In order to meet the requirements of the training model for the large amount of image data, this paper proposes an image data generation method based on the Adversarial-VAE network model, which expands the image of tomato leaf diseases to generate images of 10 different tomato leaves, overcomes the overfitting problem caused by insufficient training data faced by the identification model. First, the Adversarial-VAE model is designed to generate images of 10 tomato leaves. Then, in view of the obvious differences in the area occupied by the leaves in the dataset and the insufficient accuracy of the feature expression of the diseased leaves using a single-size convolution kernel, the multi-scale residual learning module is used to replace the single-size convolution kernels to enhance the feature extraction ability, and the dense connection strategy is integrated into the Adversarial-VAE model to further enhance the image generative ability.

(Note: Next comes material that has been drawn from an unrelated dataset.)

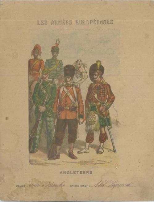 Couverture non numérotée : Angleterre. Chromolithographie sur papier épais beige… cahier de devoir appartenant à Abel Lapessat. En pages intérieures et au dos, textes explicatifs anonymes et tableaux.

The experimental results show that the tomato leaf disease images generated by Adversarial-VAE have higher quality than InfoGAN, WAE, VAE, and VAE-GAN on the FID. This method provides a solution for data enhancement of tomato leaf disease images and sufficient and high-quality tomato leaf images for different training models, improves the identification accuracy of tomato leaf disease images, and can be used in identifying similar crop leaf diseases.